PROBLEM STATEMENT: In the material below, the lines from the one containing "FAAOTU 20V Brushless" through the one containing "Mama Rainbow Lightening" are to be given again exactly, ends included, and no others.
━━━━━ RECORDS SHOWN ━━━━━
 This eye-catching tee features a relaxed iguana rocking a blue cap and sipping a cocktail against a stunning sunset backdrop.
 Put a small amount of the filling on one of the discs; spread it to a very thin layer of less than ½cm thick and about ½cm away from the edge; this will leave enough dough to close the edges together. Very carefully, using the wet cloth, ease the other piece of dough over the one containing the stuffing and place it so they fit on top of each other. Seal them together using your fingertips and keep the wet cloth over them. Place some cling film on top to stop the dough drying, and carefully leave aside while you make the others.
━━━━━
━━━━━ RECORDS SHOWN ━━━━━
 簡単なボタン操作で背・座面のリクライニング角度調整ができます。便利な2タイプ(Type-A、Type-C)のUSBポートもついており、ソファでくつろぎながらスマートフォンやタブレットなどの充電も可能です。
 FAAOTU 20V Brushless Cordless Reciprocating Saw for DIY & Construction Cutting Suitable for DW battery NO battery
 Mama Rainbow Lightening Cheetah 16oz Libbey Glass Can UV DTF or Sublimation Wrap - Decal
━━━━━
RESPONSE TO THE EXERCISE:
 FAAOTU 20V Brushless Cordless Reciprocating Saw for DIY & Construction Cutting Suitable for DW battery NO battery
 Mama Rainbow Lightening Cheetah 16oz Libbey Glass Can UV DTF or Sublimation Wrap - Decal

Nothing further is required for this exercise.